An explantation on my dancing habits.
I am not a good dancer. When I relax I can be about average, but that's as good as it gets. This doesn't mean I don't like dancing, I do, but it means that I am self conscious while I'm dancing.
What happens when I get self conscious about my dancing? It get's worse. Once it starts getting worse I start getting more self conscious, and suddenly you've got a endless loop where I my knees start shaking and I start wishing for a way to become invisible.
With me so far?
I do dance at clubs, but it takes a certain situation to make me comfortable enough to do so.
Examples:
Bryan and I go to night clubs a lot, and I dance like a lunatic. Hell, a couple days ago on a club trip with Bryan I was actually dancing on stage and feeling pretty confident about it.
Why can I dance at these clubs with Bryan? Because he knows just about everything about me, everything good and bad. Bryan is probably the only person I trust not to judge me in any way. I know he's always on my side, and even if he did think my dancing was bad he wouldn't really care.
Renuka and I danced a lot at a recent Barrymores outting, and it was a lot of fun. I didn't dance as wild as I might when I'm out with Bryan, but that was mostly because I was surrounded by my ORC friends, and I'm not nearly as comfortable with them as I am with her.
Why could I dance with Renuka? Because she was not having a good time, and I knew I could help. She was surrounded by people she didn't know, and getting more bored by the moment. If I hadn't set aside my personal fears she would have had a miserable time. Instead we both danced a lot, and I hope she had a great time.
Laurie used to come to Barrymores a lot, and I always danced with her.
Why? Because she was there to see me, and if I didn't dance she wouldn't have had any fun. As her host it was my responsibility to make sure she had a good time, so I did.

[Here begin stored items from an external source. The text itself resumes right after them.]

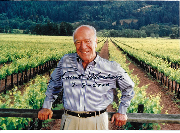 MONDAVI, Robert (1913-2008). The Father of California Winery’s. Pioneer vintner who put California wine country on the map. During 1966 he opened the winery that would turn Napa Valley into a world center of the industry. Mondavi engaged in the first French/American wine venture when he formed a partnership with Baron Philippe de Rothschild. In 1982 Mondavi and Baron Philippe began label design. For the joint venture the partners agree to choose a name of Latin origin, allowing for easy recognition in both languages. Baron Philippe announces his choice, “OPUS.” Two days later he proposes an additional word: “OPUS ONE.” A single case of the joint venture wine sold for $24,000 at the first Napa Valley Wine Auction- the highest price ever paid for a California wine. In 1985-87 sales averaged around 11,000 cases a year. Opus One becomes known as America’s first ultra-premium wine. Color photograph 5”x7” half length pose of Mondavi smiling, standing in his vineyard. Signed and dated: “Robert Mondavi 7-8-2000.” In mint condition. The first signed photograph of Mondavi we have handled..................................$135.00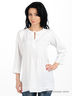 Детали: круглый вырез на кулиске и веревочке, рукава 7/8, спереди присборено, застегивается на пуговицы, украшена декоративной вышивкой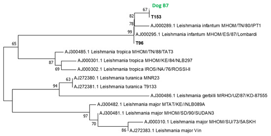 All PCR products were sequenced, except for dog B0, which contains P. perniciosus fed on dog B at day 0 post-blood feeding (day 0). Identified Leishmania DNA sequences are closely related to the reference sequence of L. infantum AJ000289 from Lombardi and L. infantum MHOM/TN/80/IPT1 isolated from Tunisia in 1980. Phylogenetic analysis showed that all Leishmania sequences (Dog B7, T96 and T153 corresponding to GenBank accession numbers OP788110, OP788108 and OP788109, respectively) clustered together with the L. infantum reference sequence. The phylogenetic branch including L. infantum sequences was supported by a high bootstrap value estimated at 99% (Figure 2).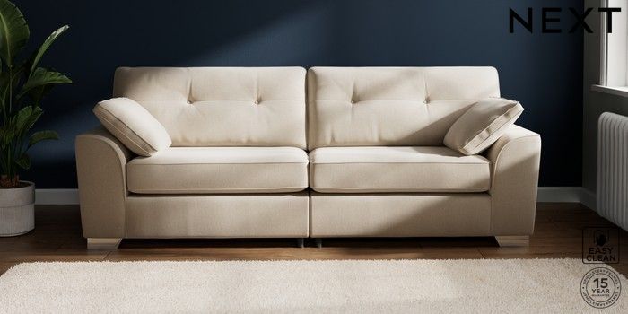 7.2.10 Stamford Buttoned Back 4 Seater Sofa Tweedy Blend Easy Clean Oyster Large Square Angle - Chrome Metal | Made Click here to use our website with more accessibility support, for example screen readers
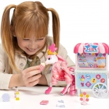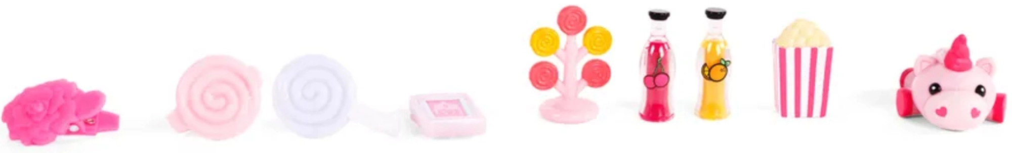 Popcorn, lollipops, drinks, and other small items for realistic play. Includes a brush and hair clips for styling the mane.

There are other people I have, and have not danced with over the years, but I figure by this point the only one my readers will be concerned about is Lisa.
I don't know yet if I can dance with Lisa. Maybe. I doubt I'll ever really know. Every time I see her at a club she's got one or two friends with her, and I don't dance with groups. My ORC friends would love it if I did, but I don't. When I'm dancing I need to focus on one person so that I don't notice that I'm surrounded by people who might be watching. Bryan, Renuka, Laurie, or any of the others I've danced with over the years have all had one thing in common, it was just the two of us.
I know Lisa well enough to know that she's going to say that's just an excuse, but it's true. I've never danced in groups, there is nobody I can focus on when dancing in a group and there are all those other people there. I know they are not really watching me, but it always feels like they are.
So Lisa, here it is. I'll make you a deal. If you want me to dance then you and I will go to a club sometime, but nobody else we know will be comming along. I won't promise to dance, I'm a coward, so it's quite possible that I won't be able to. I will promise to try, and I will promise that you will have a good time either way. It's the same gamble I offered you long ago, it's your call.